Because there is still time for Congress to act to prevent these
cuts, and because of the need to avoid unnecessarily diverting scarce
resources from other important Government functions, OMB issued guidance
to agencies in July instructing them to continue normal spending and
operations. Until Congress acts, the Administration will continue to
work, as necessary, on issues related to the sequestration and its
implementation. OMB will issue additional guidance regarding
sequestration in the months ahead as necessary.

However, no amount of planning can mitigate the significant impact
of the sequestration.

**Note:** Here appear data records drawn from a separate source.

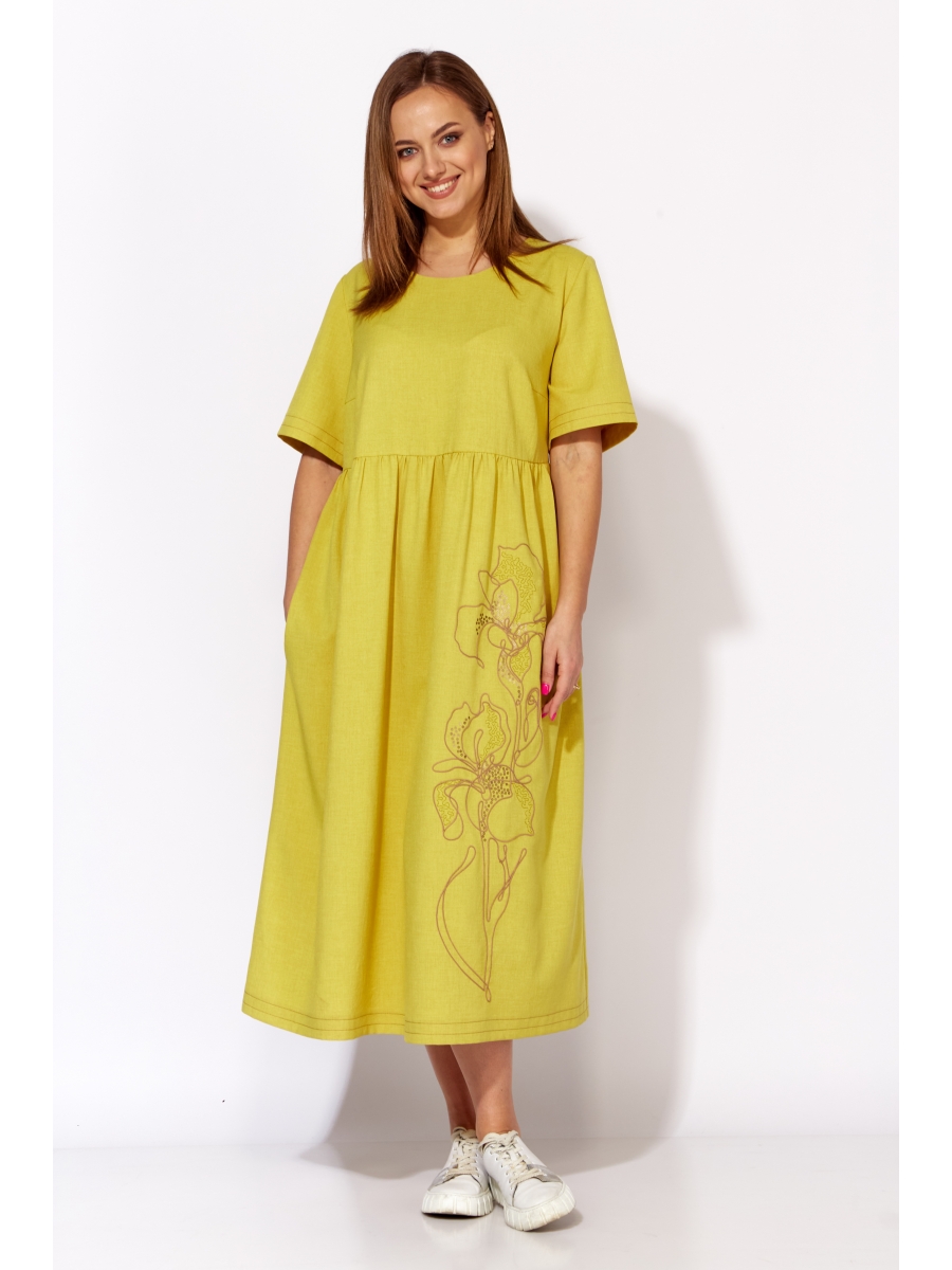 Платье расширенное к низу. Рукав втачной , короткий. Вырез горловины круглой формы. Лиф платья отрезной выше линии талии. Нижняя часть платья со сборкой. Карманы в боковых швах. Перед задекорирован вышивкой шнуром и пайетками. Застежка сзади, до линии подреза, на отрезную планку с петлями и пуговицами.
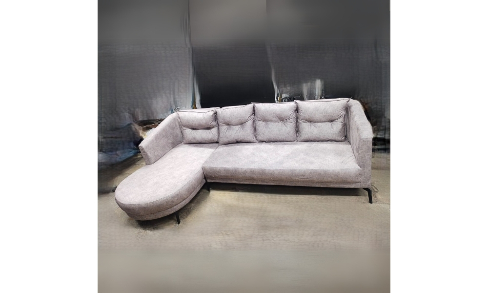 " Experience luxurious comfort with this grey velvet L shape sofa. Its plush upholstery, modern silhouette, and spacious seating make it perfect for stylish living rooms or cozy lounge setups."
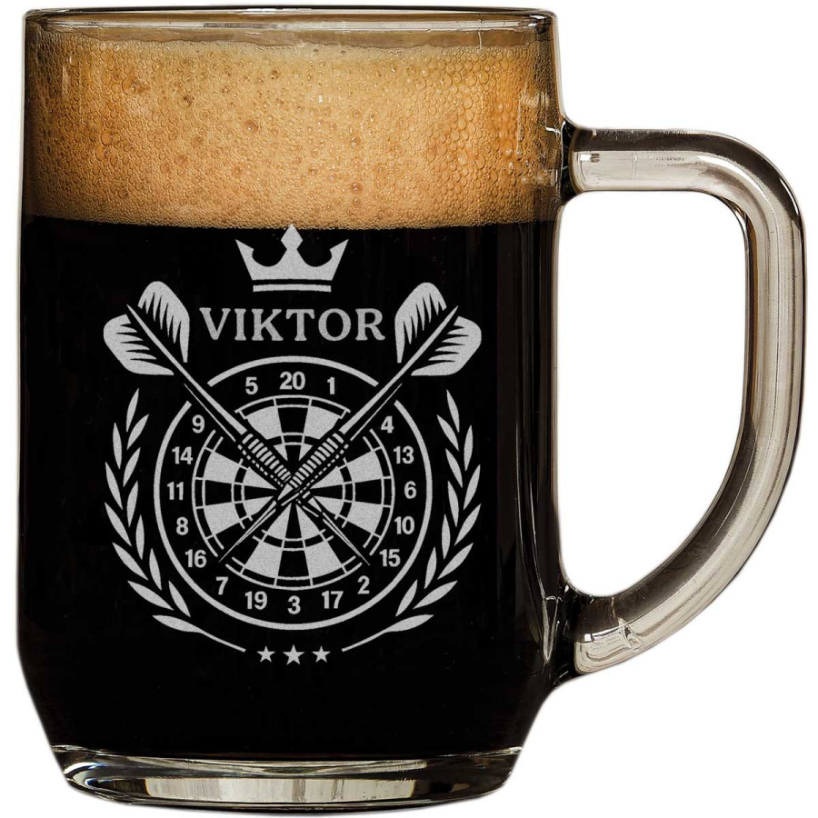 Ideální dárek pro šipkaře: Půllitr s vygravírovaným jménem. Na půllitr vám vygravírujeme jméno oslavence.

The destructive across-the-board cuts required by
the sequestration are not a substitute for a responsible deficit
reduction plan. The President has already presented two proposals for
balanced and comprehensive deficit reduction, but under our
Constitution, he cannot do the job alone. Congress also needs to act.
The Administration remains ready to work with Congress to enact a
balanced plan that achieves at least the level of deficit reduction
agreed to in the BCA, and cancels the sequestration.